Padre, ¿por qué no me hiciste caso? ¿Qué necesidad teníamos de trocar la tranquila prosperidad del imperio por los azares y peligros de una campaña que no tenía más fin que el de eclipsar la luz de una estrella?

Pero, el moribundo, lejos de mostrarse razonable reconociendo su fatal error, colérico blasfemaba contra el enemigo y juraba, si acaso salvaba la vida, volver a la cabeza de sus tropas para castigar cruelmente la actitud del imperio del Sur. Pero cuando Illampu sintió aproximarse su última hora, llamó a los altos dignatarios del imperio y ante ellos habló de esta manera:  

Me muero sin  remedio.  Quisiera  bendecir el porvenir de mi reino; pero, no me atrevo.  Mi hijo, este que va a sucederme, no tiene el corazón capaz de vengar la humillación que acabamos de sufrir. No padre.  Jamás he dicho tal cosa -, exclamó lloroso el príncipe heredero.

      

Sí -volvió a decir el Rey.  Porque al reprochar mi conducta no estás de acuerdo con el deber que tienes.  Si quieres que muera tranquilo, júrame que me vengarás. Padre mío, - dijo angustiado Astro Rojo -. Cómo es posible que te empeñes en dejar para tu hijo y tu imperio esta terrible deuda que es sólo vano orgullo. ¡Cobarde! Tienes miedo de morir como yo.  Te maldigo.
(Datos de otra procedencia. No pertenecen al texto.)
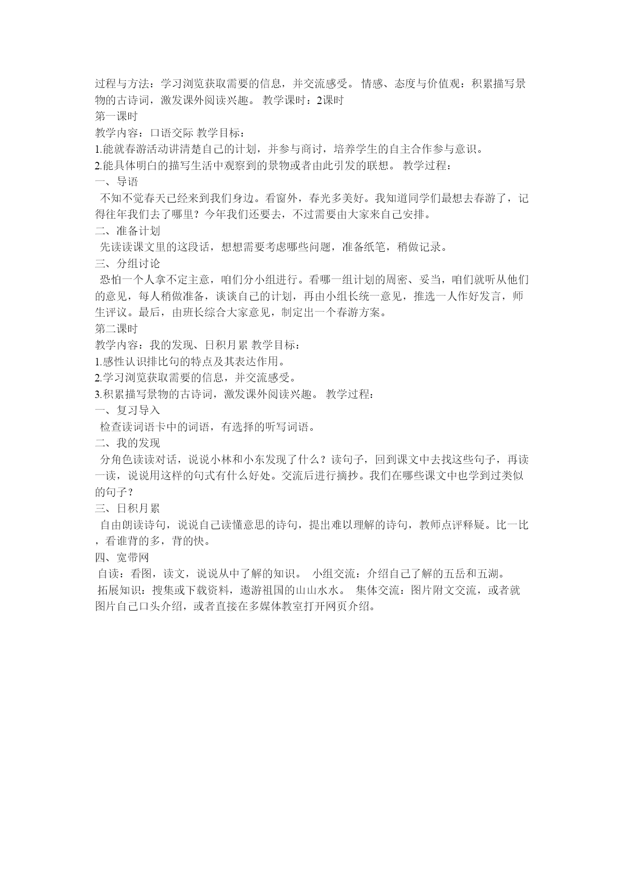 过程与方法:学习浏览获取需要的信息,并交流感受。情感、态度与价值观:积累描写景物的古诗词,激发课外阅读兴趣。教学课时:2课时 第一课时 教学内容:口语交际教学目标: 1.能就春游活动讲清楚自己的计划,并参与商讨,培养学生的自主合作参与意识。 2.能具体明白的描写生活中观察到的景物或者由此引发的联想。教学过程: 一、导语 不知不觉春天已经来到我们身边。看窗外,春光多美好。我知道同学们最想去春游了,记得往年我们去了哪里?今年我们还要去,不过需要由大家来自己安排。 二、准备计划 先读读课文里的这段话,想想需要考虑哪些问题,准备纸笔,稍做记录。 三、分组讨论 恐怕一个人拿不定主意,咱们分小组进行。看哪一组计划的周密、妥当,咱们就听从他们的意见,每人稍做准备,谈谈自己的计划,再由小组长统一意见,推选一人作好发言,师生评议。最后,由班长综合大家意见,制定出一个春游方案。 第二课时 教学内容:我的发现、日积月累教学目标: 1.感性认识排比句的特点及其表达作用。 2.学习浏览获取需要的信息,并交流感受。 3.积累描写景物的古诗词,激发课外阅读兴趣。教学过程: 一、复习导入 检查读词语卡中的词语,有选择的听写词语。 二、我的发现 分角色读读对话,说说小林和小东发现了什么?读句子,回到课文中去找这些句子,再读一读,说说用这样的句式有什么好处。交流后进行摘抄。我们在哪些课文中也学到过类似的句子? 三、日积月累 自由朗读诗句,说说自己读懂意思的诗句,提出难以理解的诗句,教师点评释疑。比一比,看谁背的多,背的快。 四、宽带网 自读:看图,读文,说说从中了解的知识。小组交流:介绍自己了解的五岳和五湖。 拓展知识:搜集或下载资料,遨游祖国的山山水水。集体交流:图片附文交流,或者就图片自己口头介绍,或者直接在多媒体教室打开网页介绍。

No padre.  No me maldigas.  Cumpliré mi deber, pero restableciendo la paz y reconquistando la prosperidad que en mala hora hemos descuidado. ¡Maldito seas!   - exclamó el rey -, mientras la muerte empalidecía su rostro. Padre ¡piedad!  Si tú me maldices, mi autoridad será reprobada parios súbditos. Entonces,   jura   cumplir   lo   que   te   pido, -  respondió Illampu con los ojos desmesuradamente abiertos.

El príncipe, dudando terriblemente entre su conciencia y su deber de hijo, se echó sollozando sobre su moribundo padre y exclamó: 

Sí, sí padre.  Lo juro. Juro ahogar en sangre y en mil horrores a ese pueblo.  Le juro sobre tu cuerpo.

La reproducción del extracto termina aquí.